Curcumin docking with main protease

The docking of Curcumin derivatives was carried out by 3 docking tools- Autodock, Libdock and CDocker. The results of the same are depicted in the Table 3. The Libdock and Autodock results showed Hexahydrocurcumin and Hexahydrocurcuminol as the best docked molecule. The Autodock score for both the molecules was -6-6kcal/ mol and that of Libdock was 157.256 for Hexahydrocurcumin. Both the molecules were fitted inside the active site cavity with common Hbond interactions as Thr190, Phe140, Ser144 and Pi- Alkyl interactions as Cys145 and Met165. Both these amino acid molecules namely cys145 and Met165 were found to be involved in Pi-Alkyl interactions with majority of Curcumin derivatives indicating a strong pharmacophoric point at these aminoacids.
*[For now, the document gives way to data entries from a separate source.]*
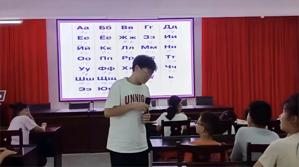 隨后,志愿者方子恒老師以一種循序漸進(jìn)的方式,從俄語字母的基礎(chǔ)開始,逐步深入到俄語單詞的層面,細(xì)致地講解了每一個字母的發(fā)音和書寫規(guī)則,以及如何將這些字母組合成有意義的單詞。他耐心地引導(dǎo)同學(xué)們掌握每一個細(xì)節(jié),確保他們能夠正確地理解和運(yùn)用這些基礎(chǔ)知識。通過反復(fù)多次的領(lǐng)讀,同學(xué)們逐步熟悉再到掌握字母和單詞的音與形,同學(xué)們在發(fā)音上和拼寫上有了顯著的提高,朗讀時也變得更加自信。
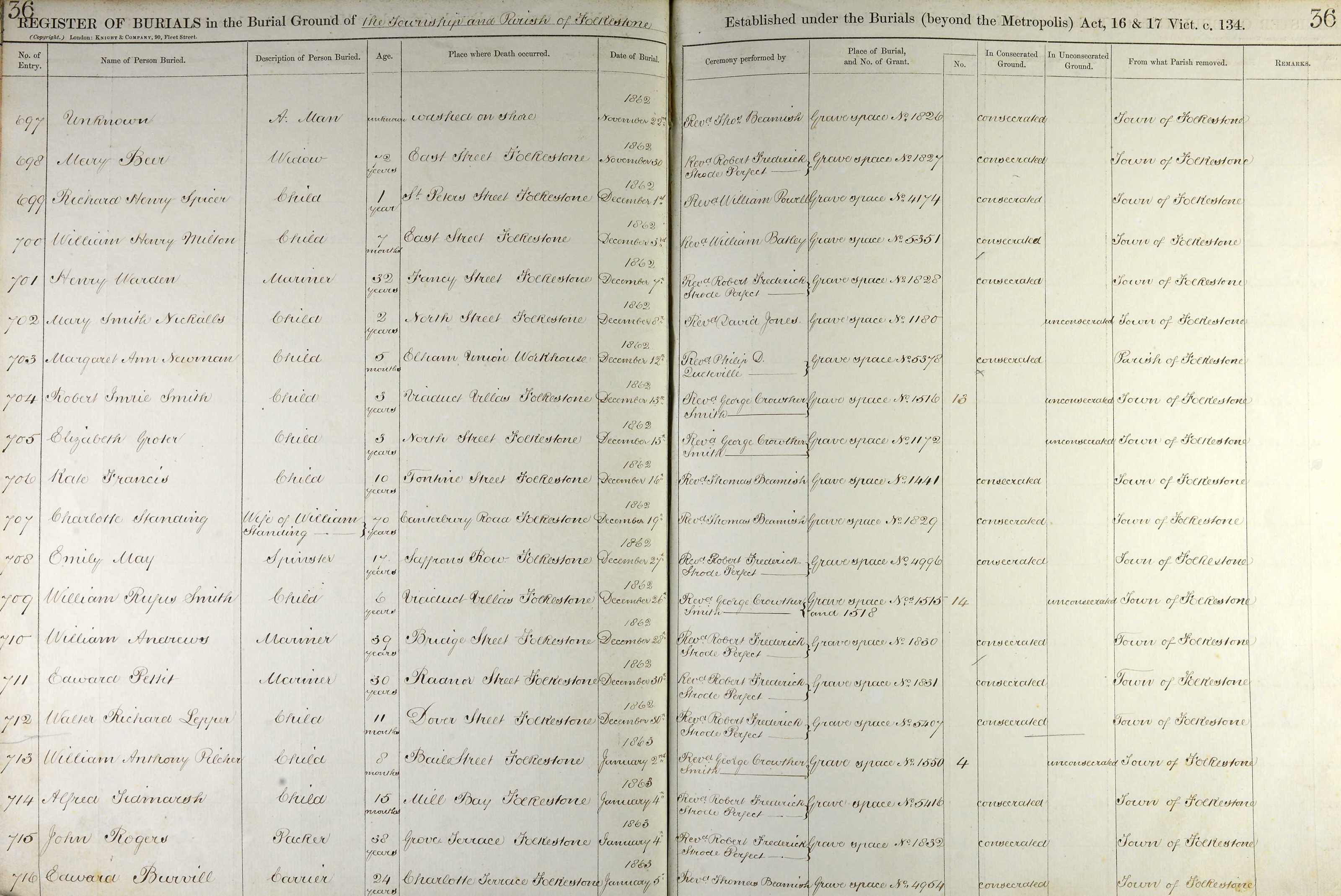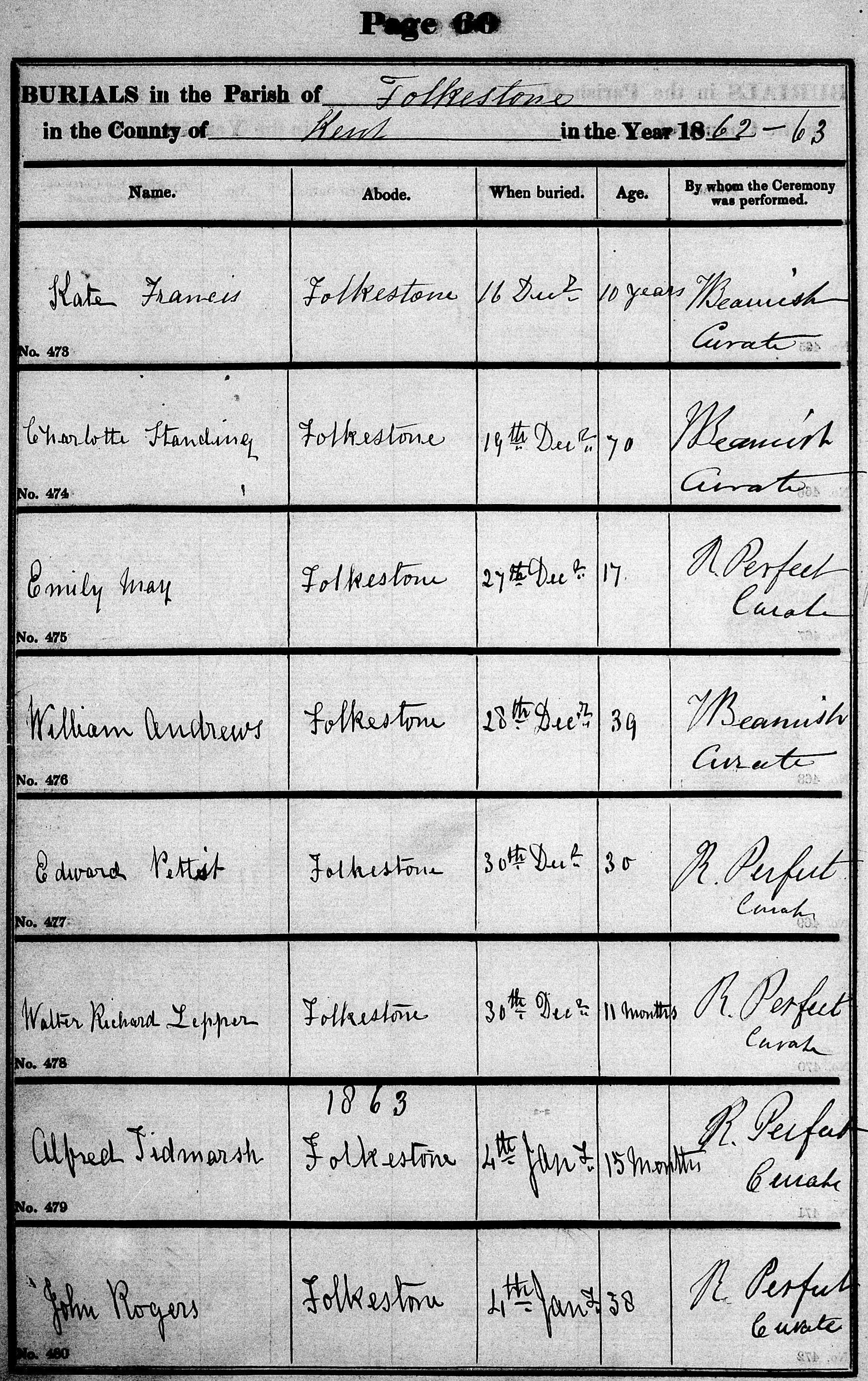She died on Dec 13, 1862 on Canterbury Road in Folkestone3 (apoplexy) and was buried at Cheriton Road Cemetery, Folkestone on Dec 19, 1862.
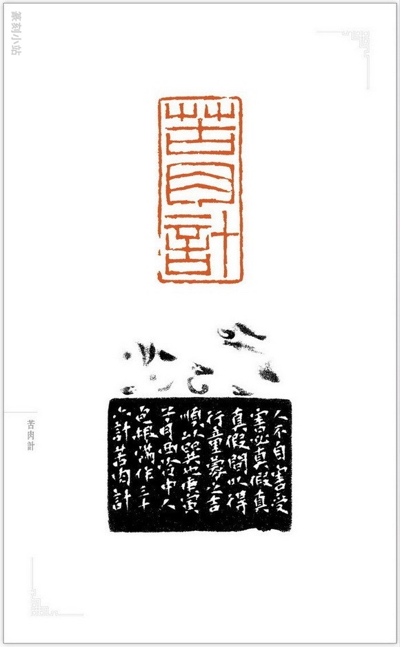 边款:人不自害,受害必真;假真真假,间以得行。童蒙之吉,顺以巽也。庚寅六月,西泠中人包根满作。三十六计苦肉计。
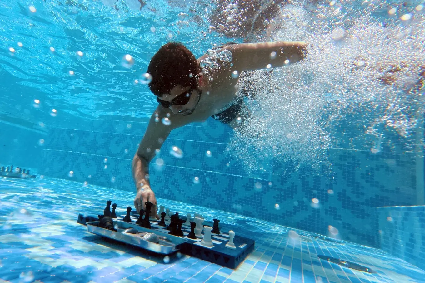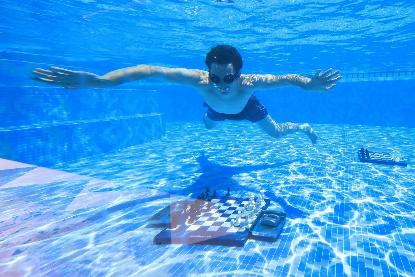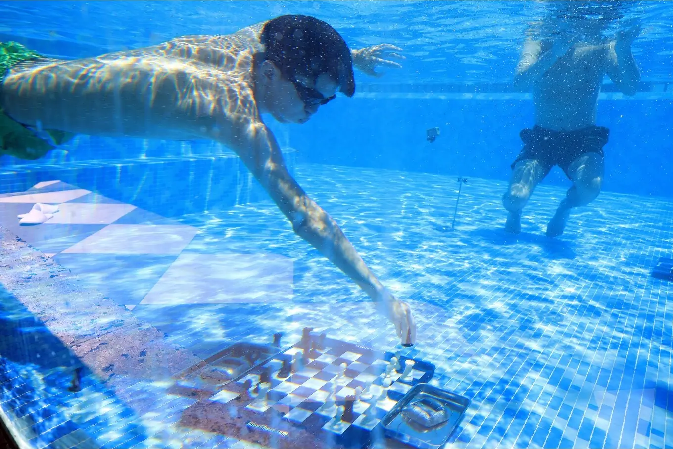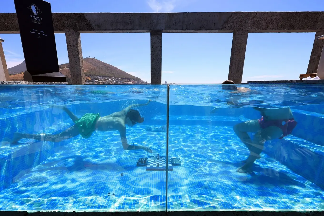 جنوبی افریقا کے شہر کیپ ٹاؤن کے سائلَو ہوٹل میں منعقدہ منفرد ڈائیونگ چیس مقابلے میں شطرنج کے گرینڈ ماسٹرز نے پانی کے اندر اپنی مہارت کے جوہر دکھائے۔ امریکی کھلاڑی ہانس نیمان اور فیبیانو کاروآنا نے پریکٹس سیشن کے دوران نہ صرف ذہنی چیلنج بلکہ پانی کے دباؤ کے ساتھ بھی مقابلہ کیا، جس نے اس ایونٹ کو روایتی چیس سے بالکل مختلف اور دلچسپ بنا دیا۔
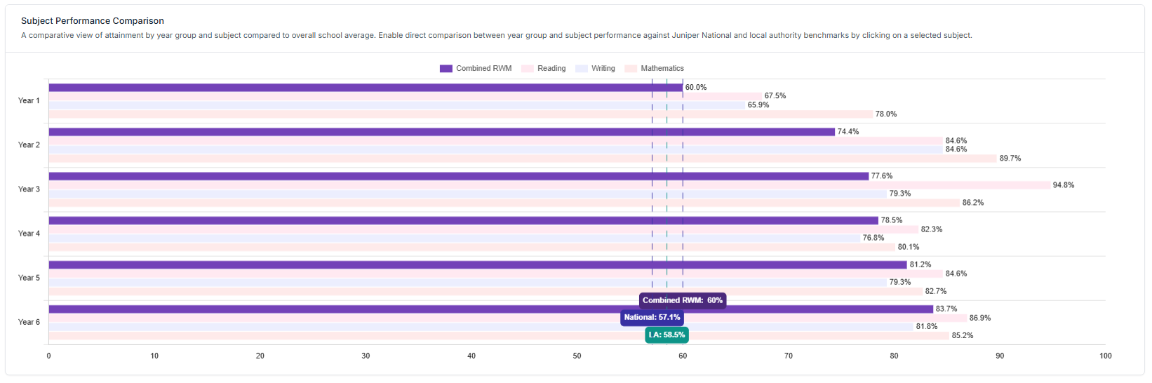 Split into Key Stage 1 and Key Stage 2, use this table to compare your school subject level performance with Juniper National and Juniper Local Authority data by contextual group:
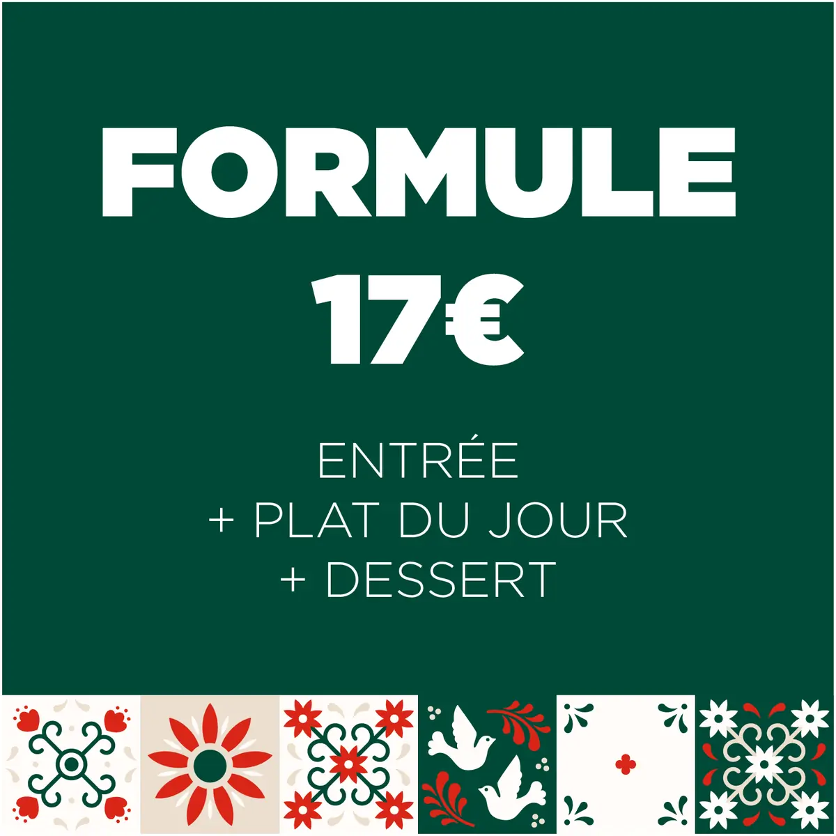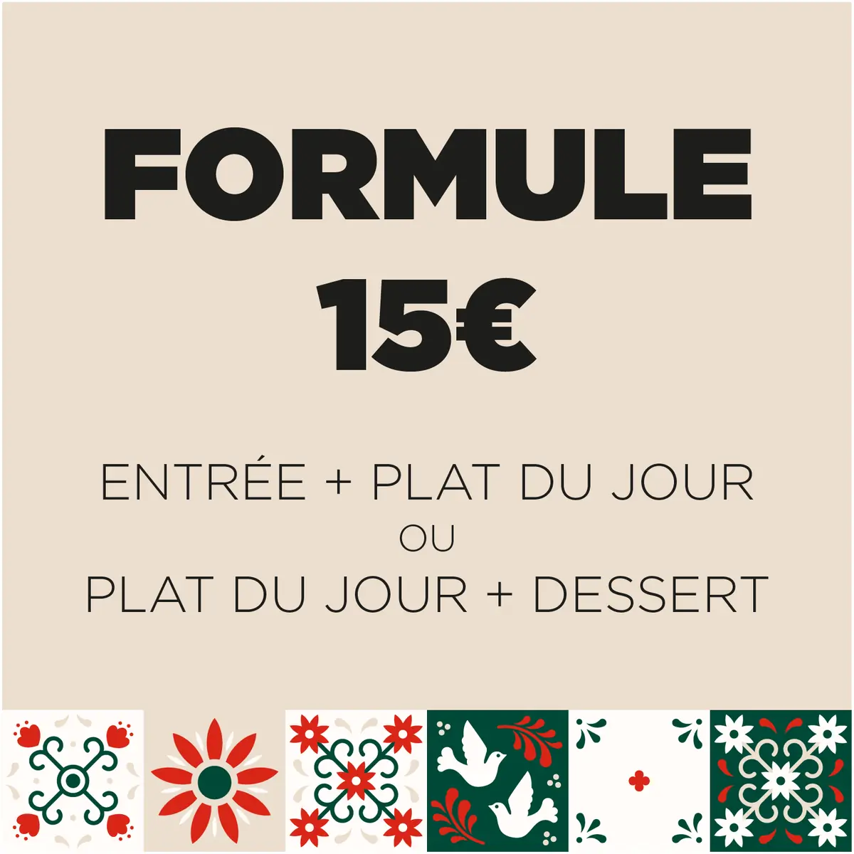 Entrée, plat du jour et le dessert
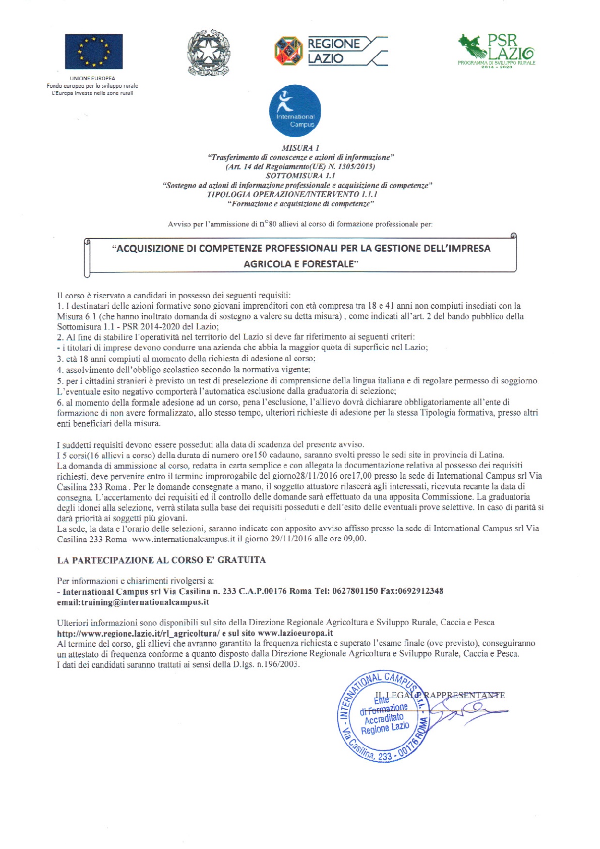 I futuri manager delle imprese agricole passano anche attraverso nuovi modelli di formazione. “Acquisizione di competenze professionali per la gestione dell’impresa agricola e forestale” è il titolo di cinque corsi organizzati dall’International Campus nell’ambito delle azioni formative messe in campo dall’Unione Europea con i Piani di Sviluppo Rurale e attuate dalla Regione Lazio. I destinatari delle misure sono operatori giovani imprenditori del settore agricolo e forestale in età compresa tra i 18 e i 41 anni non compiuti.
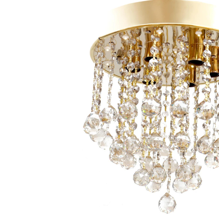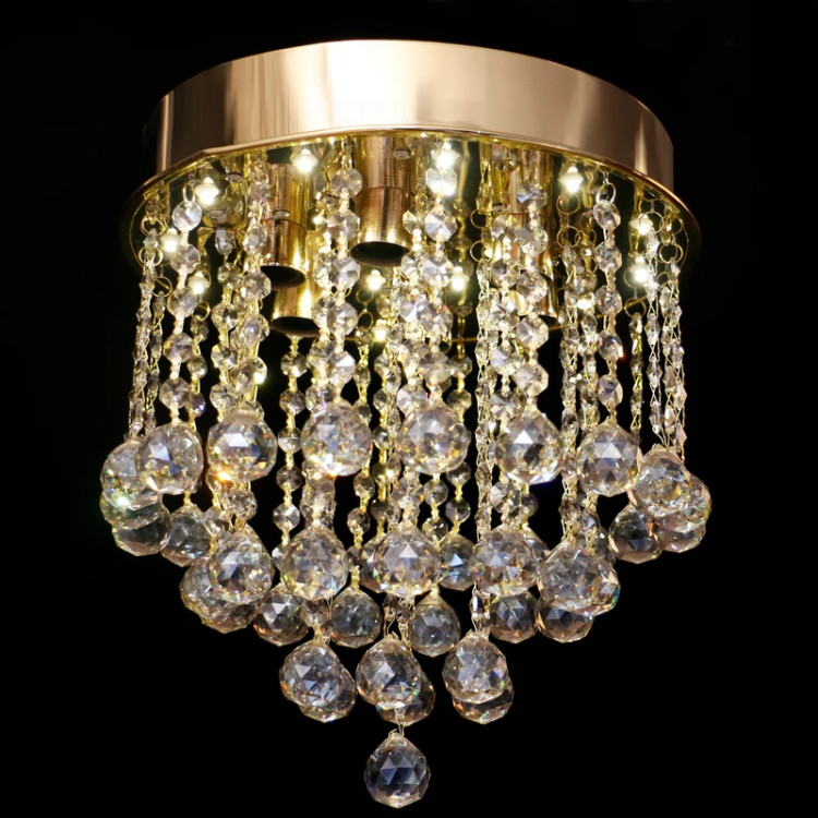 - پایه استیل براق و منعکسکننده: صفحه گرد سقفی از جنس استیل براق (طلایی در تصویر)، به لوستر جلوهای سلطنتی و فاخر میبخشد. این پایه نه تنها نگهدارنده اصلی کریستالهاست، بلکه با انعکاس نور از کریستالها و لامپها، به درخشش و جلوه کلی لوستر میافزاید و هارمونی کاملی با کریستالهای شفاف ایجاد میکند.
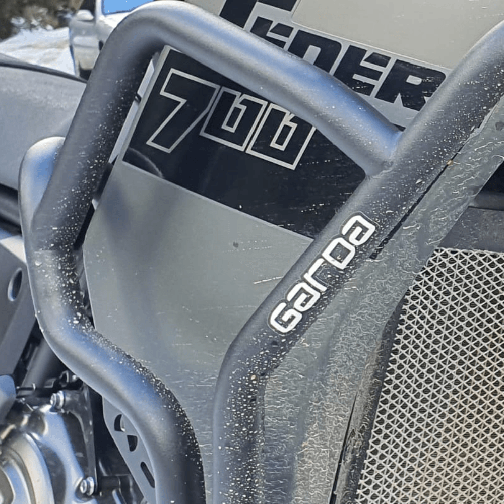 Crash bars GARDA MAX for Yamaha Tenere Explore – euro 4, euro 5. They are designed to protect the motorcycle in the harshest conditions. The main part of them is 25x2mm pipe, which is designed to withstand heavy loads. The base of the crash bars are 4 support points per side, which gives us maximum support of the structure with optimal distribution of forces to all points. The whole thing was welded using the TIG method. We have tried to make the entire design as compact as possible to reduce drag when driving, and to reduce the weight of the structure.
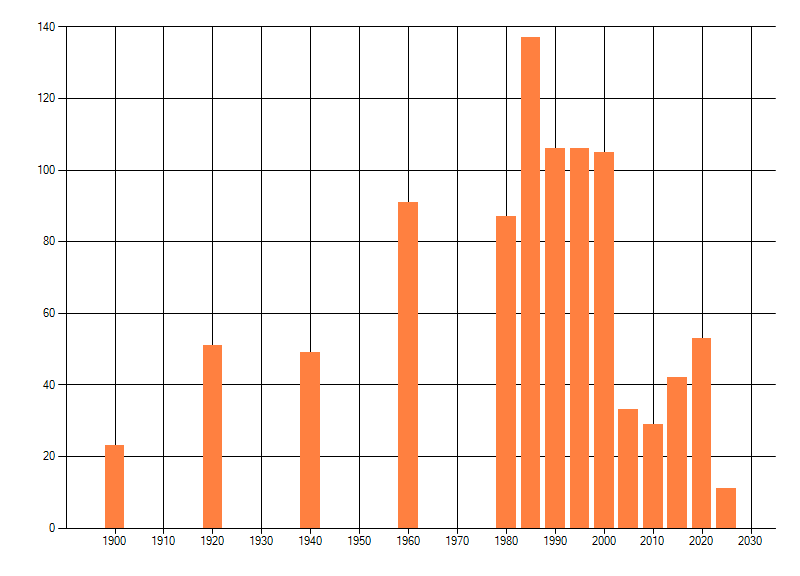 Het aantal atlasblokken (5x5 km) waarin de soort is gemeld binnen een periode van vijf jaar (vanaf 1980) of twintig jaar. Niet gecorrigeerd voor waarnemersinspanning en het aantal doorgegeven waarnemingen kan sterk variëren per periode, dus een trend in verspreiding kan hier niet direct uit worden afgelezen. Het opgegeven jaartal is het eerste jaar van de periode. Bron: gevalideerde waarnemingen uit de NDFF.
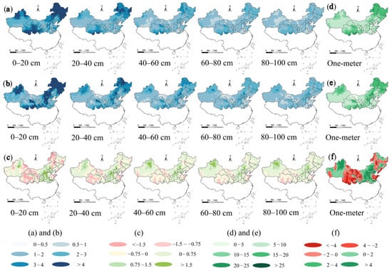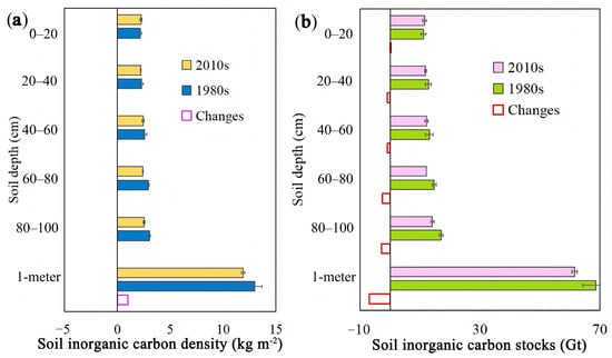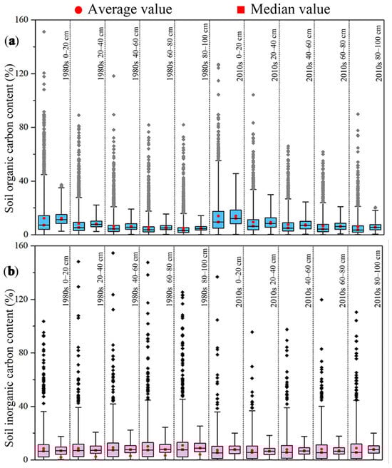 - to acquire the vertical SOC and SIC content. The organic matter and calcium carbonate data of typical soil profiles were normalized, and a normalized profile with a depth range of 0–100 cm was constructed. The profile was divided into five layers (0–20, 20–40, 40–60, 60–80, and 80–100 cm) with 20 cm intervals, and the contents of SOC and SIC in each layer were calculated.
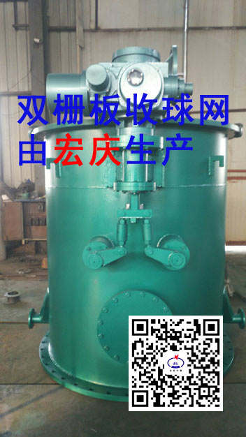 、存儲(chǔ)和觀察膠球循環(huán)情況的裝置:它由外殼、漏斗、切換閥等部件組成,并配有觀察窗、放氣閥、放水閥。我公司生產(chǎn)的收球網(wǎng)是目前較其它膠球清洗裝置的更新?lián)Q代產(chǎn)品,結(jié)構(gòu)形式先進(jìn)合理,分為柵格網(wǎng)板式(SF型雙柵格網(wǎng)板收球網(wǎng),SD型單柵格網(wǎng)板收球網(wǎng))和SL型漏斗式收球網(wǎng)。柵格網(wǎng)板式收球網(wǎng)的柵網(wǎng)板可以轉(zhuǎn)動(dòng),在膠球裝置投運(yùn)時(shí),網(wǎng)板處于收球位置,在不投運(yùn)清洗裝置時(shí),該柵網(wǎng)板可旋轉(zhuǎn)到與水流方向一致的位置;既減少水阻又起到清除柵網(wǎng)板上雜物的作用.網(wǎng)板的轉(zhuǎn)動(dòng)定位由電動(dòng)執(zhí)行機(jī)構(gòu)執(zhí)行(DN300~DN700小型收球網(wǎng)為手動(dòng)控制),柵網(wǎng)板到位與否是保證膠球清洗裝置系統(tǒng)收球率的關(guān)鍵之處。
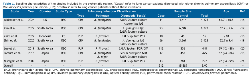This systematic review and meta-analysis evaluated the prevalence of fungal pulmonary infections (CPA and PJP) in 15,901 lung cancer patients across seven studies, identifying 312 cases. Key clinical associations were also explored to support risk stratification and management.
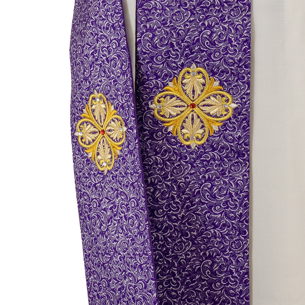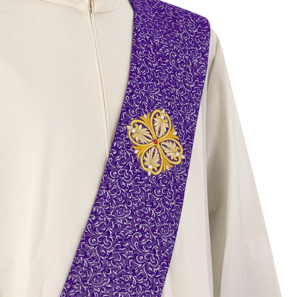 This stole features an embroidered cross surrounded by 4 clear stones and one red stone. This decoration is present on both sides.

Figure 6 depicts the interactions of Hexahydrocurcuminol with main protease by all 3 methods- Autodock, Libdock and Cdock along with the 3D view of protein cavity. Figure 7 shows interactions of Hexahydrocurcumin with main protease.

Table 3: Docking results of curcumin derivatives with main protease.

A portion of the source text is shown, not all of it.